In this study we only looked at what happens in healthy placentas and uteri. What we know is that the migration of trophoblasts in the uterus is controlled by the communication between trophoblasts and uterine cells. We know this happens because when there is an ectopic pregnancy —the embryo is implanted outside the uterus, for example in the fallopian tube— an uncontrolled migration of trophoblasts occurs that endangers the life of the mother and the embryo.
One of the things we have seen is that the mother’s immune cells, and in particular macrophages, control the invasion. That’s why we think that maybe controlling the cells of the mother could tackle these complications; but this is pure speculation because we haven’t yet worked with diseased cells.
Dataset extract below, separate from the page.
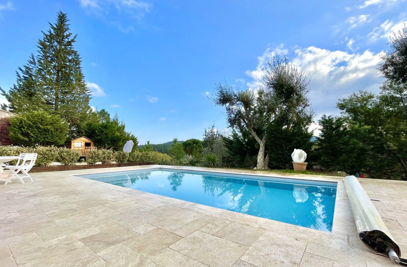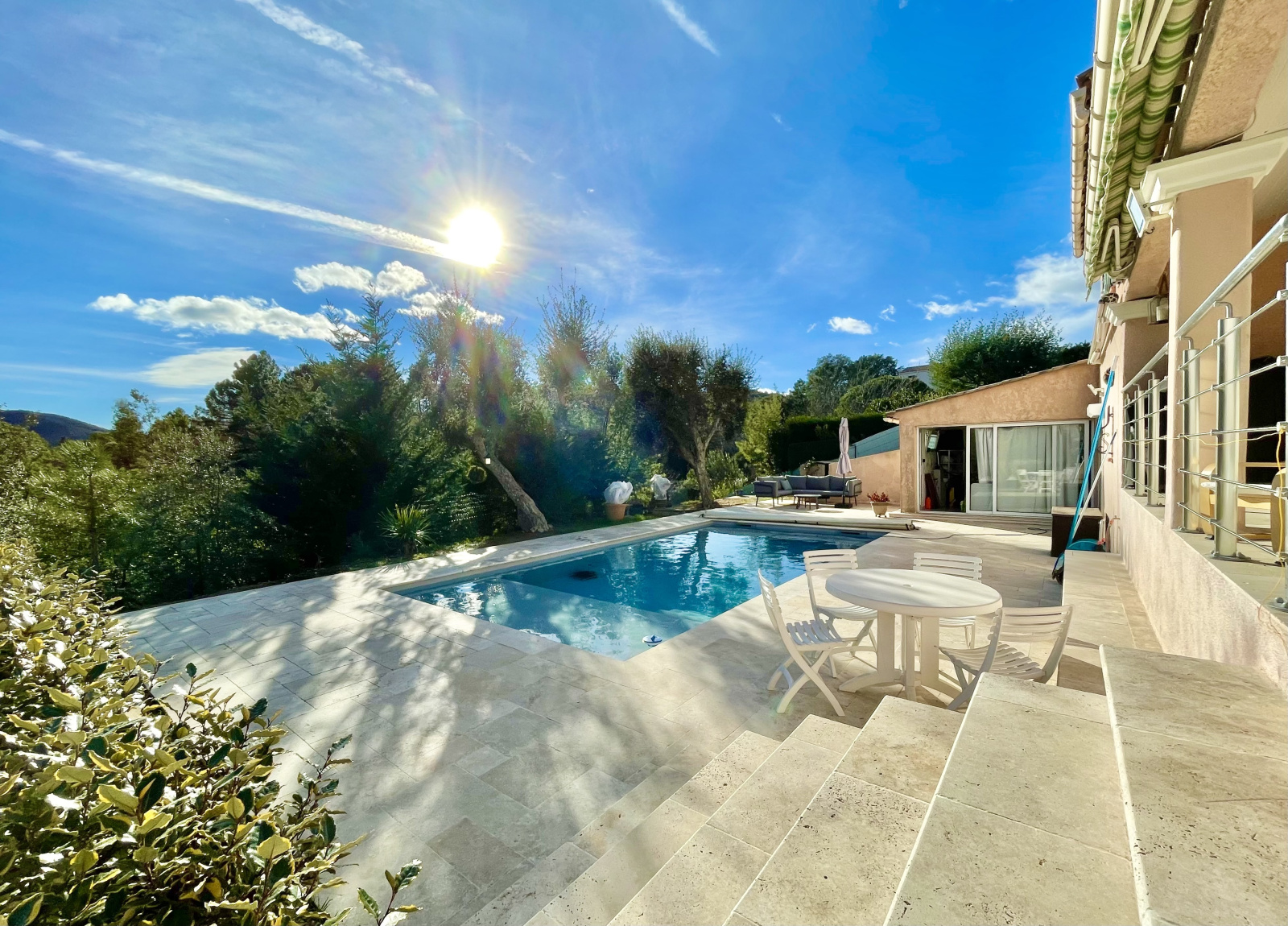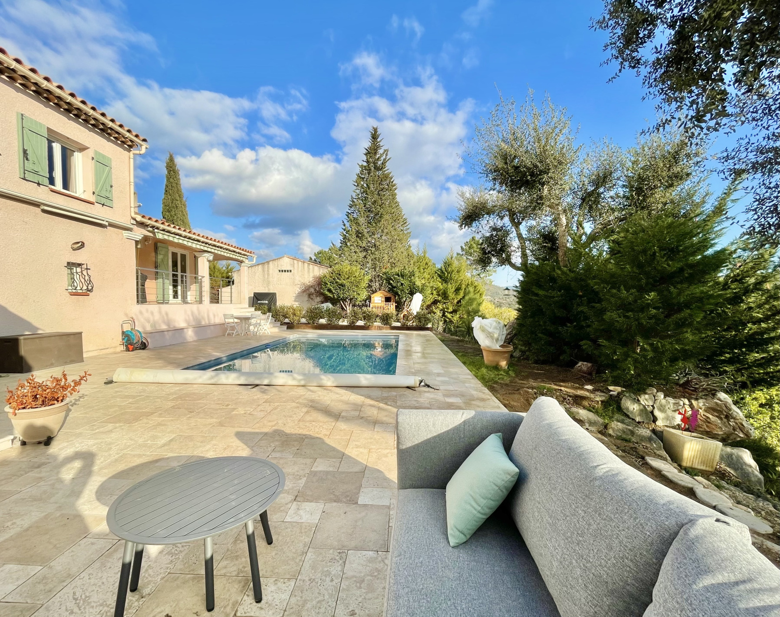 VENDU PAR NOTRE AGENCE - En EXCLUSIVITE dans votre agence L'IMMOBILIER CHEZ CECILE, maison à vendre sur MONTAUROUX, à 3 minutes en voiture de l'accès autoroute, cette VILLA INDIVIDUELLE d'environ 102 m² habitable bénéficie d'un séjour d'environ 40m² avec cuisine équipée donnant directement sur la terrasse SUD avec piscine, pool house et VUE DEGAGEE, à l'étage 3 belles chambres, une salle de douche (à l'italienne), un wc indépendant. Un vaste garage fermé avec espace buanderie et une pièce "bonus" aménagée comme une chambre d'adolescent avec lavabo et wc. Le tout sur un terrain d'environ 1076m² sans vis-à-vis, au calme absolu. Chalet en bois, nombreux stationnements. Double vitrage, climatisation réversible, panneaux solaires, tout à l'égout. Secteur résidentiel et calme. Emplacement très recherché. A seulement 15 minutes de Mandelieu. PRIX DE VENTE : 532 000€ FRAIS D'AGENCE INCLUS ( honoraires charge vendeurs). Pour en savoir plus, contactez votre agence L'IMMOBILIER CHEZ CECILE au 06 63 70 96 47.

In the future we are interested in studying ectopic pregnancy to discover what specific part of the uterus allows this anomalous invasion.
It sounds like immunology is the 21st century panacea for many diseases.
Immune cells have mobility, they are found all over the body and can access different tissues and organs. They have also developed very specific mechanisms to distinguish one thing from another, and so differentiate between elements that come from the body itself or those that are external. These two properties of the immune system —knowing where we want to go and what we want to attack or eliminate— open up many translational opportunities. This means we have before us an opportunity that makes medicine progress. In this context, tools for gene editing increase the potential of immune cells in the field of immunotherapy. This is because gene editing offers us the ability to add molecules to the immune cells to a) improve their mobility —for instance, to allow them access to places in the body they would not usually be able to—; b) increase their specificity —e.g., allow them to detect a foreign body, like a carcinogenic cell—; or c) add or repair new functions.
You work on designing tools that can help research. Your team created CellPhoneDB. What is it?
I developed CellphoneDB when I was doing my post-doc research in Sarah Teichmann’s lab. Since then, my group has continued to implement CellPhoneDB and added new functionalities. CellPhoneDB is a bioinformatics tool that allows us to discover cell-cell communication processes using single-cell transcriptomic data. Recent updates of the tool include adding spatial data to consider the proximity between the interacting partners and multiomic data to connect external and internal cell circuits.
Many researchers at CNIC are deciding what to do in their careers. You work in an academic research institution. Can you give them any advice?
I believe that working in academic science is a privilege as it allows us to develop our creative side. For me, working on something that motivates you is very important because I don’t like being told what to do, or doing something I see no point in. Industry has other positive things, but the creative aspect is usually less important and that’s why I’m still interested in staying in the academic world. At times, the creativity can be scary because it involves uncertainty, but there is the potential that what you are doing might change the world.
Talent, work, or both?
I think that everything can be learned; the important thing is to read a lot, listen, and have time to think and get things wrong. An idea doesn’t come from nothing. If you read, you pay attention and think differently, out of the box. In my opinion, that’s something you can be trained to do. Of course, there are people who have more talent, but I think that everything can be learned. At the end of the day, it’s about not being scared to think something new or make mistakes, but it’s also about reading a lot, listening and openly debating ideas.
That’s why it is so important to work in a centre of excellence, like CNIC, that has a good level of scientific debate. It’s not all about funding, which is, of course, very important, but in my opinion for a person to develop their ideas it’s absolutely vital to be part of a group where people think, where they discuss their ideas. A critical mass is essential.
Roser Vento-Tormo gave the seminar “Mapping tissues in vivo and in vitro” at the invitation of Mercedes Ricote.